ChIP assays were conducted with the Imprint® Chromatin Immunoprecipitation Kit (Sigma) according to manufacturer instructions. Briefly, 1×105 cells were cultured, and the protein-DNA complexes cross-linked with 1% formaldehyde (final concentration), followed by nuclear fractionation and DNA shearing via sonication. Immunoprecipitations were carried out for 90 minutes at RT with antibodies against Sp1, YY1, HSF1 (Abcam), RNA polymerase II (positive control) and IgG (negative control). The cross-links were reversed, DNA was extracted and was used for both endpoint and real time PCR. Endpoint PCR was performed in 25 μL reactions with KOD Hot Start DNA Polymerase (Novagen) and the appropriately designed primer pair (target promoter sequence: Forward: tta caa tgt gaa gtc ttc gat gta; Reverse: ctc tac tcc, cac ccc gc; RNA Pol II target sequence: hGAPDH-Forward: caa ttc ccc atc tca gtc gt; hGAPDH-Reverse: tag tag ccg ggc cct act tt, 246 bp). The PCR conditions were as follows: 95°C for 2 min followed by 40 cycles of denaturation at 95°C for 30 sec, annealing at 58°C for 30 sec, and extension at 72°C for 30 sec, and then a final extension period of 72°C for 10 min. Products were visualized using agarose gel electrophoresis. Signal intensity measurements were calculated using Photoshop CS3. Real time PCR was performed in triplicate using 1 μL of ChIP DNA per reaction, along with 1X TaqMan Master Mix (ABI), 500 nM each primer and 250 nM probe. Primers were Forward: tga cac cca ctt caa cga gg and Reverse: tct ctg aat gct gga ctc gc, and the probe was cac gct tta gca gaa ccc gag gag, labeled with FAM and ZEN quencher (Integrated DNA Technologies, Coralville, IA, USA). Reactions were run using standard parameters on a ViiA7 instrument (Life Technologies). Ct values were normalized to IgG samples and relative quantity (RQ) calculated according to RQ = 2−ΔCt.

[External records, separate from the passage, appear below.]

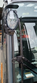 SE-Bereifung abriebfrei, Minihebel, Fahrtrichtungsumschalter in der Armlehne, blaues Warnlicht nach hinten, akustisches Rückfahrsignal, Grammer-Sitz MSG 65, Arbeitsscheinwerfer vorne und hinten, Panoramaspiegel, Hupe in der Armlehne, Klemmbrett, Schlüsselschalter
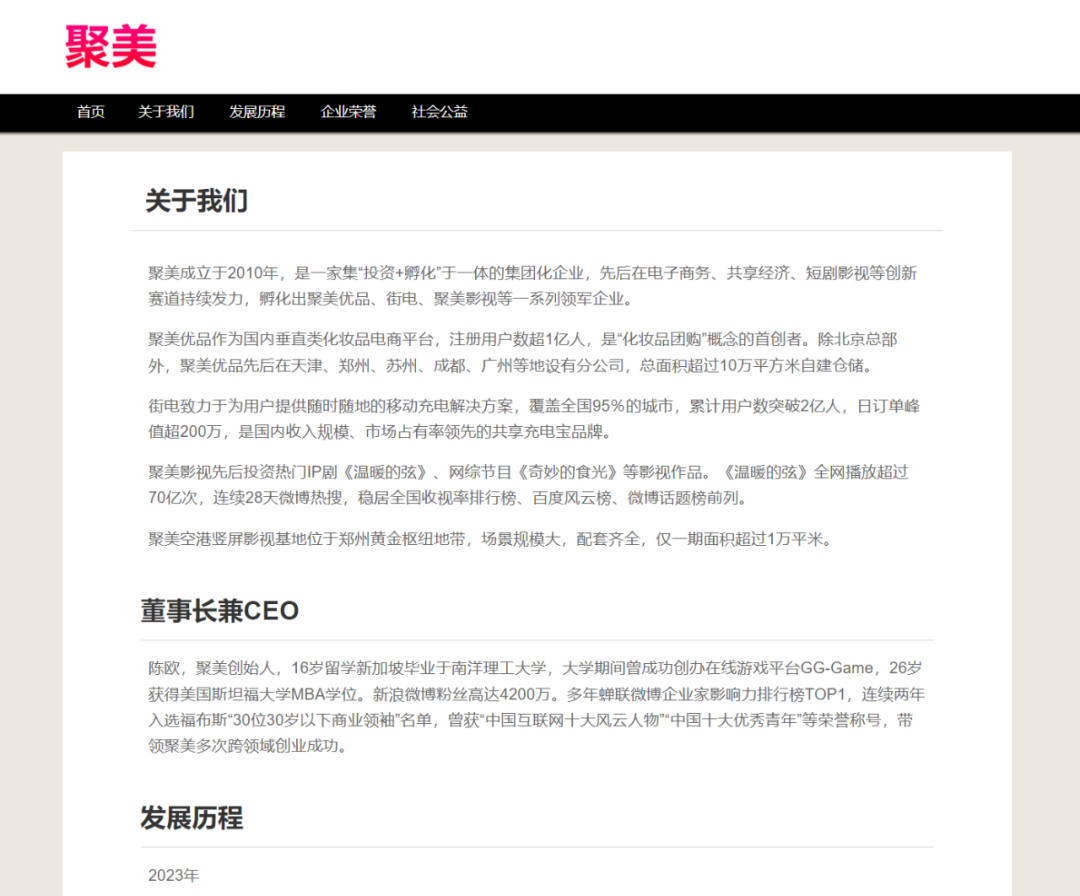 在嘗試訪問聚美優(yōu)品官網(wǎng)時(shí),鋅財(cái)經(jīng)發(fā)現(xiàn)網(wǎng)站已不再展示任何商品或購物信息,頁面僅保留了公司介紹、發(fā)展歷程等基本信息。
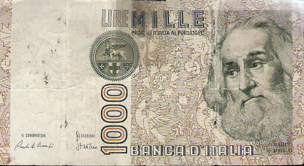 Ahí enfrente pueden admirar la lira italiana, la maestra de la devaluación. Con sólo cinco monedas, de 50, 100, 200, 500 y 1.000 liras, y nada menos que siete billetes. Uno de 1.000 liras para sustituir a la moneda, otro de 2.000, 5.000, 10.000, 50.000, 100.000 y, atención, 500.000 liras. Ese billete verde de nada menos que 16 centímetros con la cara Rafael grabada. Al cambio un euro pasó a valer lo que 2.000 liras. Bueno, no. Lo que 1.936,27 liras. Maldito redondeo.

miRNA cDNA synthesis and quantitative real-time PCR

Total RNA extraction was performed as described above. A commercially available miRNA cDNA synthesis kit (TaqMan® MicroRNA Reverse Transcription Kit, Applied Biosystems) was used to reverse transcribe the candidate miRNAs with specific RT primers (TaqMan® miRNA Assays, Applied Biosystems). Sequence-specific assays (TaqMan® real-time PCR assays, Applied Biosystems, Table S3) were used to detect mature candidate miRNAs from primary tumor tissue extracts. RNU44, a small non-coding RNA with wide and constant tissue distribution (Applied Biosystems), was used as the endogenous control. Triplicate reactions were conducted for each gene and each sample, and PCR performed using the SDS 7900HT system (ABI) as described [8]. SDS 2.1 software (ABI) was used to calculate the ΔΔCt relative expression values, normalized to endogenous control (RNU44) and relative to expression of normal ovary and tubal epithelial tissue samples (for tumor tissue measurements) or IOSE cells (for OvCa cell lines).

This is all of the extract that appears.